■ Assigned task ■
The answer must be an exact transcription of the lines below from the first through the one containing "NICONICO 1.2L旅行用雙電壓熱水壺 NI-TK2419(白色)", with the pictures left out; please add nothing else.

── Data provided ──

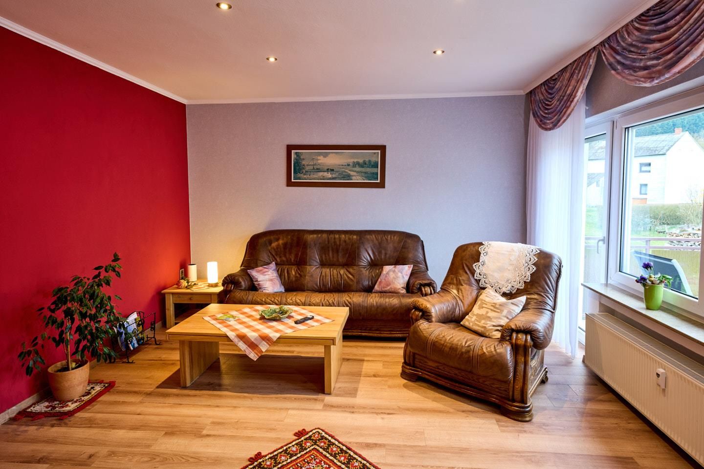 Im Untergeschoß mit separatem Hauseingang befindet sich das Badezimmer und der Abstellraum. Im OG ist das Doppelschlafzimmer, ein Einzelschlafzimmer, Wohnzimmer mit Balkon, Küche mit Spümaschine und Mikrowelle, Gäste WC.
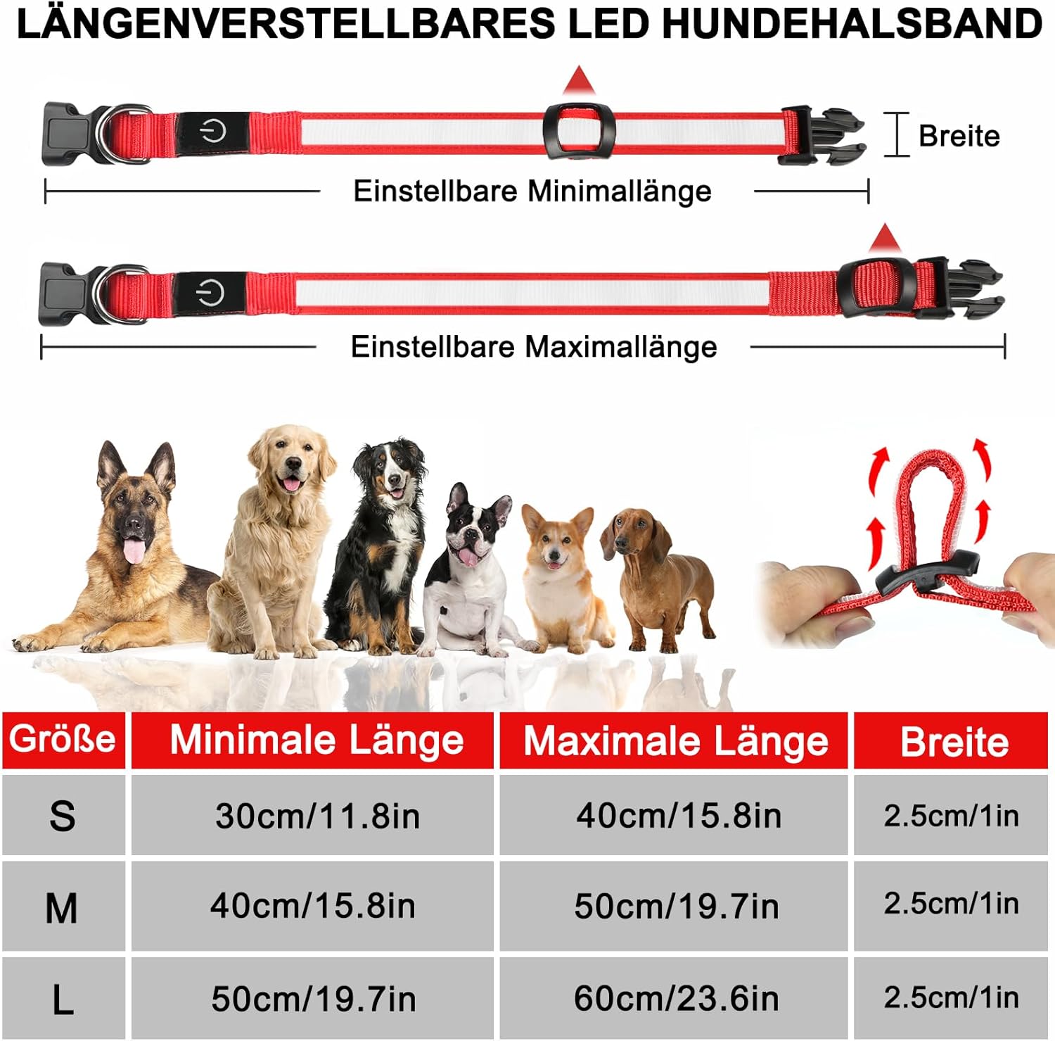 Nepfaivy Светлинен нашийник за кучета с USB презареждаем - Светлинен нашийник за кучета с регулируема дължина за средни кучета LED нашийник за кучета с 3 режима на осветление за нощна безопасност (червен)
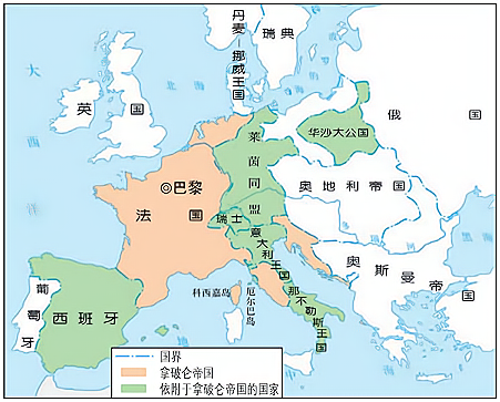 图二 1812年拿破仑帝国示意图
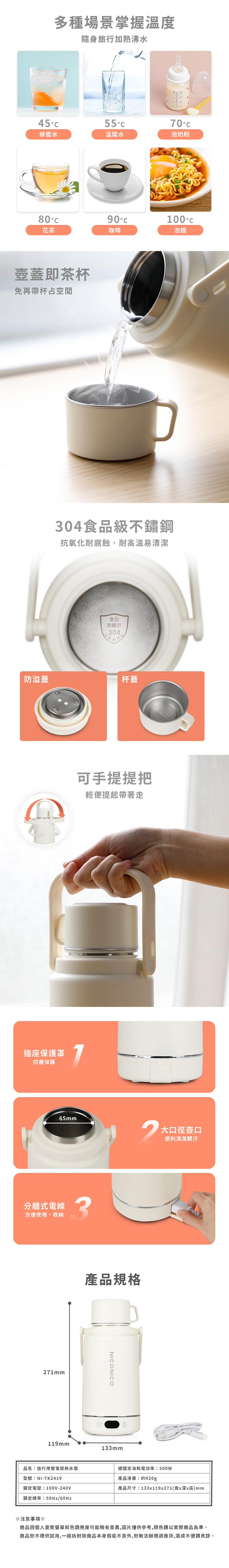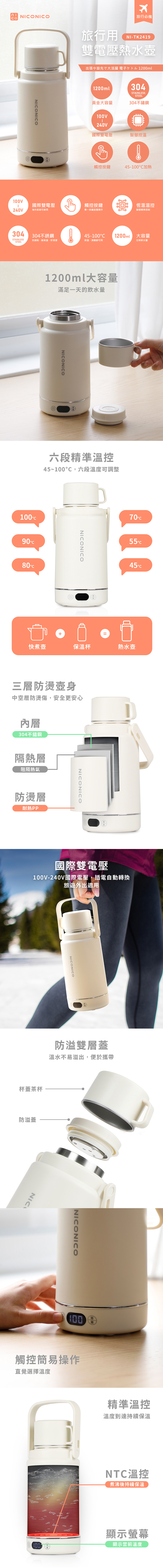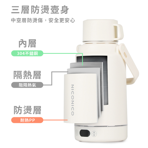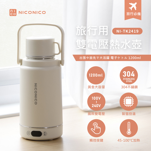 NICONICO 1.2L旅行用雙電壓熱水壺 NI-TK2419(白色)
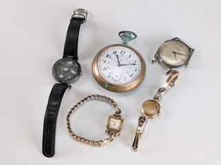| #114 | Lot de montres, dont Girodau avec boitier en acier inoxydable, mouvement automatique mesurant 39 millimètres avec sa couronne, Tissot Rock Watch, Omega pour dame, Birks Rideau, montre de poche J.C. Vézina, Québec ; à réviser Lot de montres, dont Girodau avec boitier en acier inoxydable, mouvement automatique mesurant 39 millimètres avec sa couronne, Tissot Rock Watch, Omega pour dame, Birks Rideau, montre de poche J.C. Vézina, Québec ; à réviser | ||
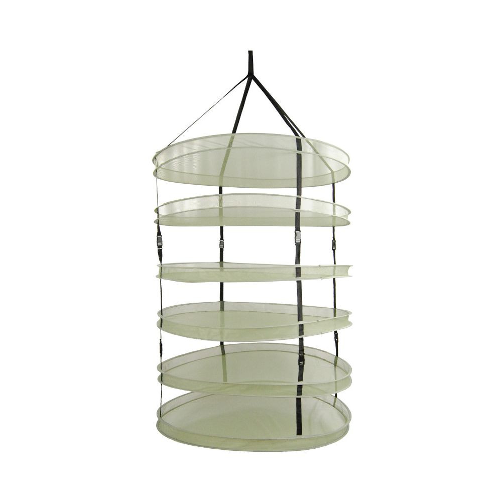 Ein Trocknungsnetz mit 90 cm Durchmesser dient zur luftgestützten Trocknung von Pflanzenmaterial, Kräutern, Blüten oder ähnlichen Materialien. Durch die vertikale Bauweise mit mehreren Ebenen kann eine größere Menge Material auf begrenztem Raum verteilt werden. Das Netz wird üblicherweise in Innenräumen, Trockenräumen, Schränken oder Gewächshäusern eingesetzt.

───

■ Problem solution ■
 Im Untergeschoß mit separatem Hauseingang befindet sich das Badezimmer und der Abstellraum. Im OG ist das Doppelschlafzimmer, ein Einzelschlafzimmer, Wohnzimmer mit Balkon, Küche mit Spümaschine und Mikrowelle, Gäste WC.
 Nepfaivy Светлинен нашийник за кучета с USB презареждаем - Светлинен нашийник за кучета с регулируема дължина за средни кучета LED нашийник за кучета с 3 режима на осветление за нощна безопасност (червен)
 图二 1812年拿破仑帝国示意图
 NICONICO 1.2L旅行用雙電壓熱水壺 NI-TK2419(白色)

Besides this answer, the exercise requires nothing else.